• [EXERCISE PROMPT]:
Without the pictures, reproduce the entries below exactly.

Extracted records
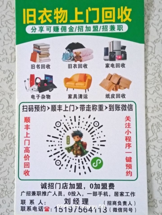 为环保助力,本公司上门回收旧衣...
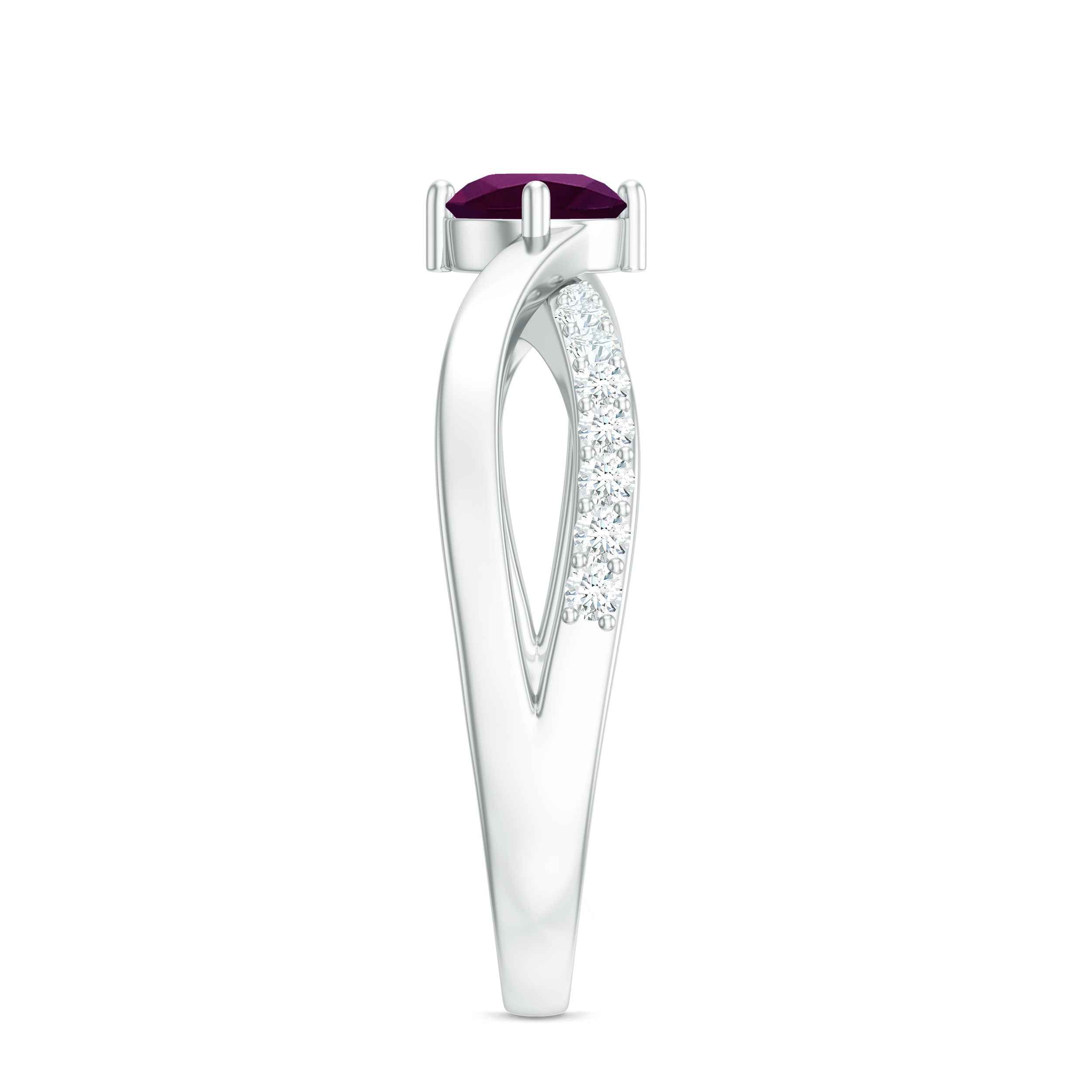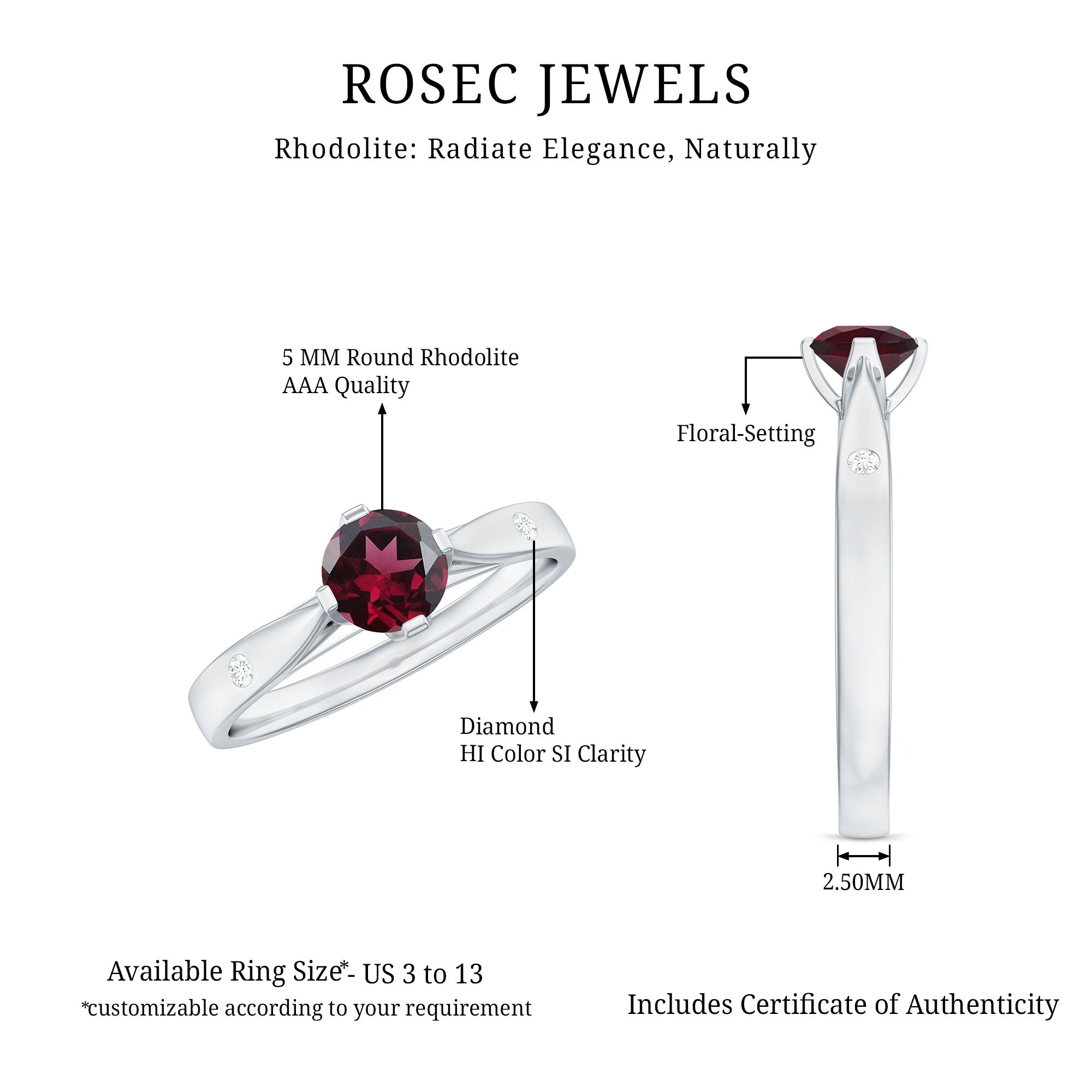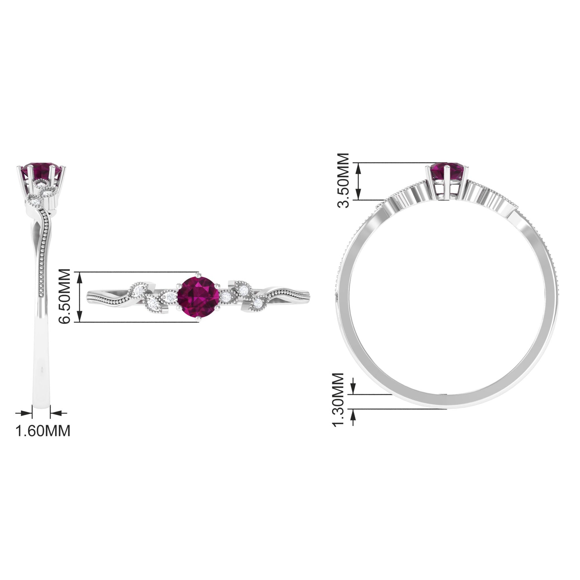 Adorned with the Single Stone of Rhodolite that takes all the center stage, a Rhodolite Solitaire Ring is the go-to choice of ring style. The Rhodolite Solitaire here is at least 6 MM in size. Despite its understated style, this ring style pleases many senses of style, which makes it a highly versatile Rhodolite Engagement Ring. For a classic aesthetic, a Round Cut Rhodolite Ring works best. While for a fancier aesthetic, nothing better than a ring fashioned in princess, marquise, or pear-cut Rhodolite. If you fancy a vintage vibe, you won’t find a better pick than a Rhodolite Ring adorned with Asscher, Emerald, or Cushion Cut.
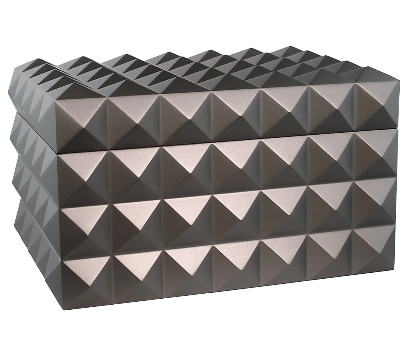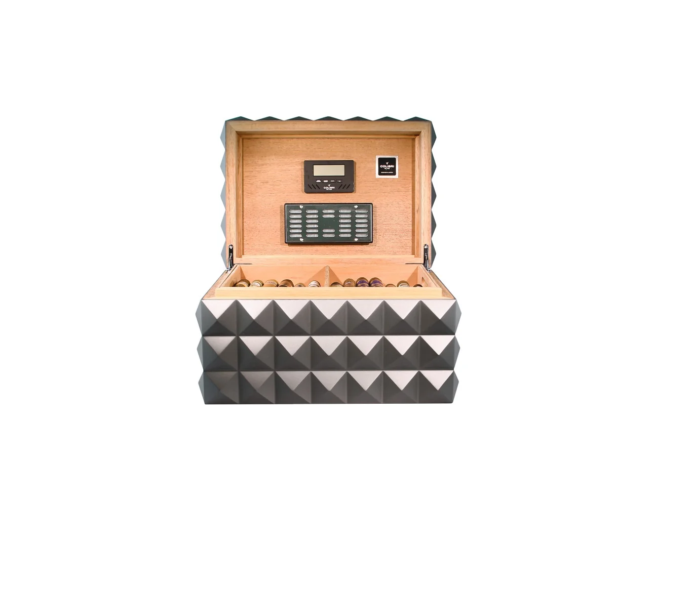 Хьюмидор Colibri Grand Quasar - это исключительный хьюмидор из знаменитой серии Quasar. Его футуристический трехмерный дизайн с пирамидообразными возвышениями привлекает внимание и выделяет его среди классических хьюмидоров. Благодаря своему уникальному стилю он сочетает в себе инновации и элегантность, поэтому станет изюминкой для искушенных любителей сигар.
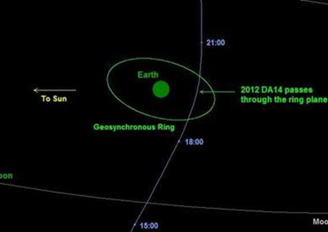 Esto no ocurrirá el 15 de febrero. «Definitivamente, 2012 DA14 no chocará contra la Tierra», subraya Yeomans. «La órbita del asteroide se conoce lo suficientemente bien como para descartar un impacto». A pesar de esa seguridad, los radares de la NASA seguirán la roca espacial en su aproximación a la Tierra. El asteroide pasará la brecha entre la órbita terrestre baja, donde se encuentran los satélites de observación y la Estación Espacial Internacional (ISS), y la banda superior de los satélites geoestacionarios, que proporcionan datos meteorológicos y de telecomunicaciones. «Las probabilidades de un impacto con un satélite son extremadamente remotas», dice Yeomans. Casi nada orbita donde pasará el asteroide.
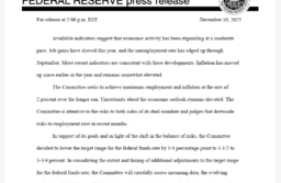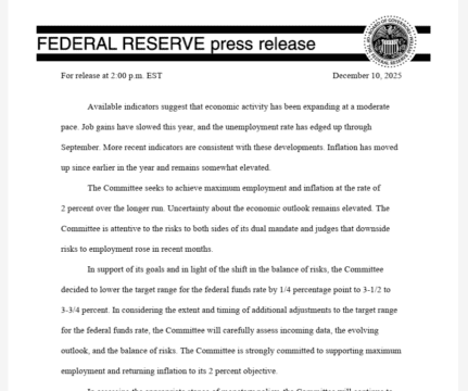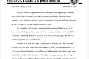 The Federal Reserve lowered its benchmark interest rate by a quarter percentage point on December 10, marking the third consecutive cut this year. The Federal Open Market Committee voted 9-3 to reduce the federal funds rate to a target range of 3.5% to 3.75%, the lowest level in more than […]

• [OUTPUT BELOW]:
 为环保助力,本公司上门回收旧衣...
 Adorned with the Single Stone of Rhodolite that takes all the center stage, a Rhodolite Solitaire Ring is the go-to choice of ring style. The Rhodolite Solitaire here is at least 6 MM in size. Despite its understated style, this ring style pleases many senses of style, which makes it a highly versatile Rhodolite Engagement Ring. For a classic aesthetic, a Round Cut Rhodolite Ring works best. While for a fancier aesthetic, nothing better than a ring fashioned in princess, marquise, or pear-cut Rhodolite. If you fancy a vintage vibe, you won’t find a better pick than a Rhodolite Ring adorned with Asscher, Emerald, or Cushion Cut.
 Хьюмидор Colibri Grand Quasar - это исключительный хьюмидор из знаменитой серии Quasar. Его футуристический трехмерный дизайн с пирамидообразными возвышениями привлекает внимание и выделяет его среди классических хьюмидоров. Благодаря своему уникальному стилю он сочетает в себе инновации и элегантность, поэтому станет изюминкой для искушенных любителей сигар.
 Esto no ocurrirá el 15 de febrero. «Definitivamente, 2012 DA14 no chocará contra la Tierra», subraya Yeomans. «La órbita del asteroide se conoce lo suficientemente bien como para descartar un impacto». A pesar de esa seguridad, los radares de la NASA seguirán la roca espacial en su aproximación a la Tierra. El asteroide pasará la brecha entre la órbita terrestre baja, donde se encuentran los satélites de observación y la Estación Espacial Internacional (ISS), y la banda superior de los satélites geoestacionarios, que proporcionan datos meteorológicos y de telecomunicaciones. «Las probabilidades de un impacto con un satélite son extremadamente remotas», dice Yeomans. Casi nada orbita donde pasará el asteroide.
 The Federal Reserve lowered its benchmark interest rate by a quarter percentage point on December 10, marking the third consecutive cut this year. The Federal Open Market Committee voted 9-3 to reduce the federal funds rate to a target range of 3.5% to 3.75%, the lowest level in more than […]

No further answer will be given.